Comparisons were made between 3 empirical models and predictions by the AlphaFold3 Server and the AlphaFold2 Database. Predictions by AlphaFold3 had high confidence (except for disordered regions), and high accuracy for naturally occurring sequences, including a 3-chain assembly with complex structural inter-dependencies (1a0r). In the two cases checked, the predictions of AlphaFold2 were slightly less accurate than those of AlphaFold3.
In the case of chain A of 8jrp, loop 397-423 is predicted to be disordered, but nevertheless has coordinates substantiated by the cryo-EM density map. AlphaFold3 had no confidence in its prediction of this segment, and placed it in a different position than in the empirical model.
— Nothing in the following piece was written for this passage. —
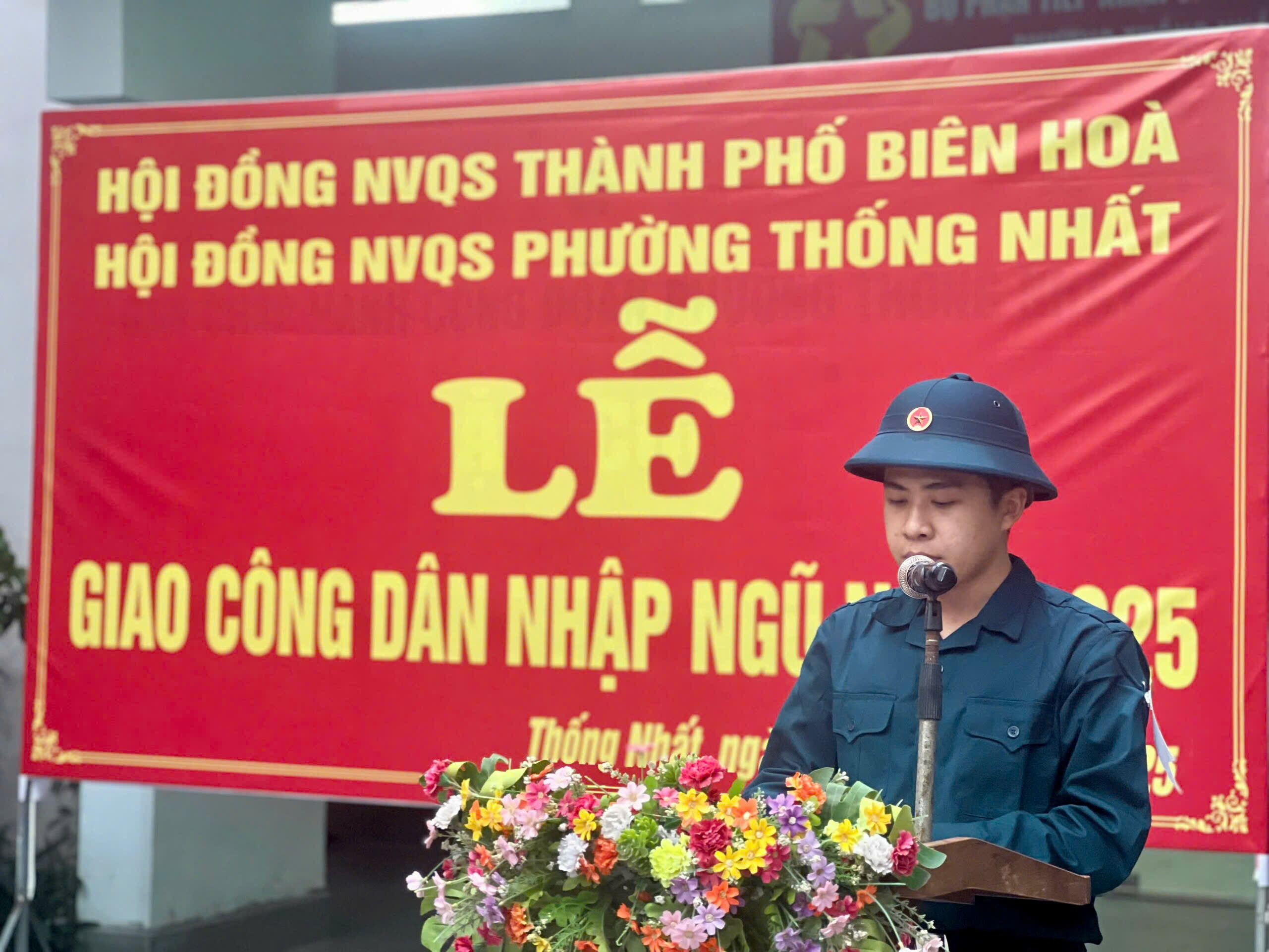 Chiều ngày 11/02/2025, Hội đồng nghĩa vụ quân sự phường Thống Nhất đã tổ chức lễ giao công dân nhập ngũ năm 2025. Đến dự có đồng chí Trương Minh Trung – Bí Thư Đảng ủy phường; đồng chí Đỗ Thị Thùy Trang – Phó Bí thư Đảng ủy – Chủ tịch UBND - Chủ tịch Hội đồng nghĩa vụ Quân sự phường; đồng chí Nguyễn Thị Kim Lê – UVTV/Thường trực Đảng ủy phường; đồng chí Huỳnh Thị Ngọc Minh – Đảng ủy viên – Phó Chủ tịch UBND phường; đồng chí Phan Văn Hải Âu – Đảng ủy viên - Chỉ huy trưởng Ban Chỉ huy Quân sự phường, các ông bà là thành viên Hội đồng Nghĩa vụ quân sự, 18 thanh niên trúng tuyển nghĩa vụ quân sự và gia đình.

One synthetic construct was analyzed (8k8g), for which no similar sequences or structures are in the PDB prior to 2024[1]. AlphaFold3's stated training set excludes PDB entries after September, 2021. AlphaFold3 had no confidence in its prediction for the fold of this chain, which was very different from the empirical structure. The empirical model is a homodimer, but none of the 5 homodimers predicted by AlphaFold3 (with no confidence, ipTM 0.10-0.37) had inter-chain contacts similar to the that in the empirical structure.
Contents |
AlphaFold3 Example 8AW3
Summary: This is one of three examples featured in the AlphaFold3 Server. AlphaFold3 predicted the fold of the mid-341 residues of tRNA A34 deaminase (UniProt Q381Q7) accurately, when compared to the empirical model in 8aw3. It made no confident predictions for what appear to be 90 residues in two disordered loops, and a 25-residue disordered C terminus. In contrast, the prediction from the AlphaFold2 Database was bent relative to the empirical model, but otherwise largely accurate.
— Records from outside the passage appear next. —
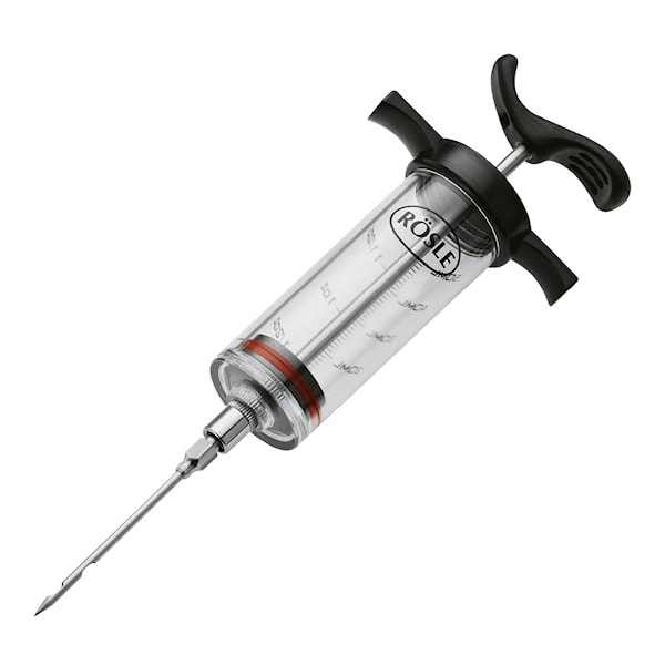 Rösle Marinadspruta, med en längd på 22,5 cm, är ett oumbärligt verktyg för att förstärka smaken på ditt kött. Tillverkad av högkvalitativt stål möjliggör denna marinadspruta att injicera marinaden direkt in i köttet, vilket resulterar i en intensifierad smak och betydligt kortare marineringstid. Marinadsprutan har en kapacitet på 50 ml och är utrustad med en avtagbar nål som har en snabblåsningsmekanism för enkel användning och rengöring.
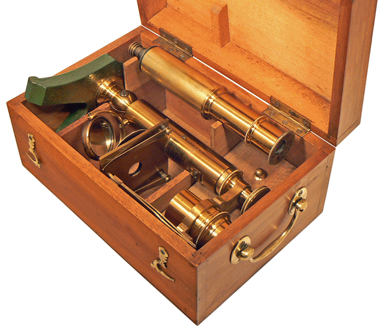 Le microscope, en partie démonté, dans son coffret en noyer de 22 x 14,5 x 11 cm. |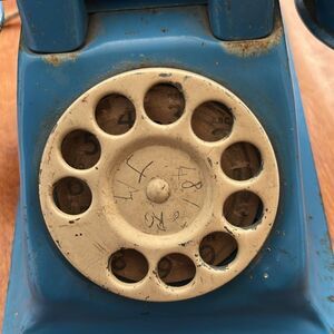 Manufacturer: Steel Stamping Co., Lorain, Ohio Charming vintage rotary phone in a striking blue color. Perfect for collectors or as a unique decor piece.

UniProt Q381Q7 (tRNA A34 deaminase) is the longest chain in the example 8aw3 provided by the AlphaFold3 Server. In 8aw3, its chain name is "3". 8aw3 is a cryo-EM structure with resolution 3.6 Å. 8aw3 indicates that the experimental material included full-length chain 3 of 369 residues, but 28 end-residues lack coordinates, so the coordinates run from UniProt 4-344, length 341. Within this range, there are two loops lacking coordinates of lengths 49 and 13, leaving 279 amino acids with coordinates. Neither missing loop is predicted to be disordered at UniProt, although the estimated disorder propensity is high for both.
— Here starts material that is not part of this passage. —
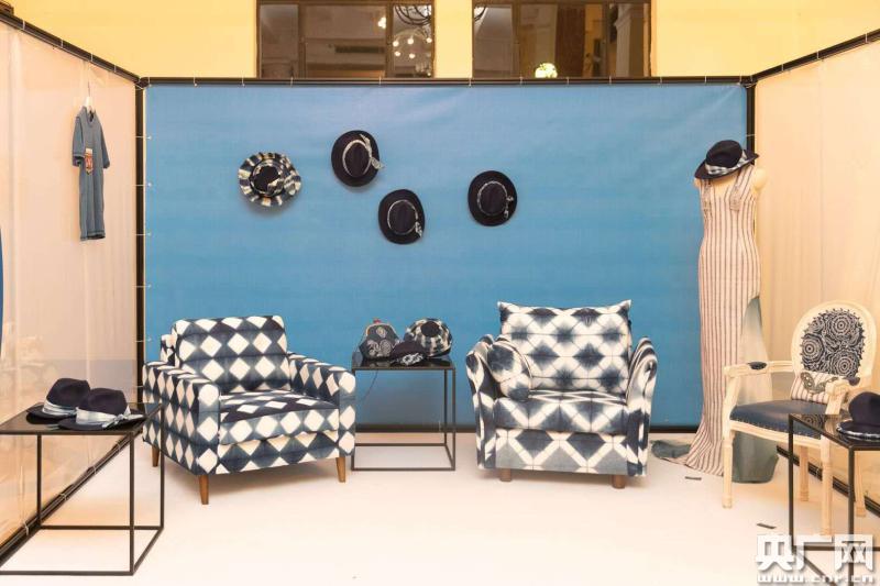 以藍(lán)染工藝設(shè)計(jì)出的家居物品(央廣網(wǎng)發(fā) 上海公共藝術(shù)協(xié)同創(chuàng)新中心(PACC)供圖)

Q381Q7: AlphaFold3 vs Empirical Structure
The overall 4-chain prediction (for the complex in 8aw3) has pTM of 0.75, at the low end of the range 0.7-0.9 deemed "confident" by the server. Both of the missing loops have "no-confidence" (red) coordinates. The longer one is modeled as a large circle protruding from the surface of the protein, typical for loops with intrinsic disorder. The average pLDDT for chain 3 is 68 (weak confidence), but with the large disordered loop removed, this increases to 74[2].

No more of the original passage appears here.